74.新幹線内を静粛にさせよ

 東北新幹線のグリーン車は列車の中ほどの七号皐。僕は扉から二列目に座り、目を閉じて眠ろうとした。
 前夜は仕事でほとんど眠れず、今夜は地方でリサイタル。何とか眠らないと良い声は出ない。
 ところが、上野を出たとたんから自動扉はひっきりなしに開閉、修学旅行の高校生たちがゾロゾロ列をなして移動し始めた。よく見ると一度通過した生徒たちは皆また引き返してくる。扉が開いた時に外からカメラのシャッターを押しているものもいたので、振り返ったら野球解説者、元巨人軍の別所投手が乗っていた。

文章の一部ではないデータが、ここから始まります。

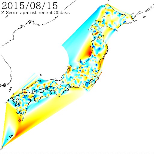 各電子基準点間の距離を7日間移動平均でスムージング後、過去30日間の変動に対しての偏差値を計算しています。

 トイレに行く乗客、ひっきりなしにやってくる売り子がそれに加わる。
 とても眠るどころではない。
 試しにしばらく腕時計の秒針と見比べてみた。なんと、扉が一分以上閉じていることはない。その状態が上野と盛岡の二時間四十六分の間続いた。
 別所さんは無理やり有名税を払わされ、さぞ迷惑していることだろうが、よりお気の毒なのはとばっちりを食った他の乗客、特に扉の前の第一列におられた四人の老夫妻たちであった。
 他の新幹線でもグリーン車は常に列車の中ほどに位置していて、有名人探しの子供や、やじ馬、形だけは扉の前で頭を下げるが、寝ている乗客がいても平気で大声をあげ、土産物を売る物売りたちの通過場となっている。JRさん、なぜグリーン車を最前部または最後部におかないのですか?
 衝突事故の時、今のグリーン車の位置が一番安全だからという説を聞いたことがあるが、人命にかかわることを料金の差で区別するのは不愉快である。
 乗車下車のためホームの一番便利な位置になるようにしてあるともいうが、少々の距離を余分に歩いても、僕は安静なグリーン車の方がはるかに良いと思う。
 グリーン車だけでなく全乗客へ今すぐにできるサービスの改善、それは頭など下げなくてもよいから、売り子たちをもうすこし静かにさせることである。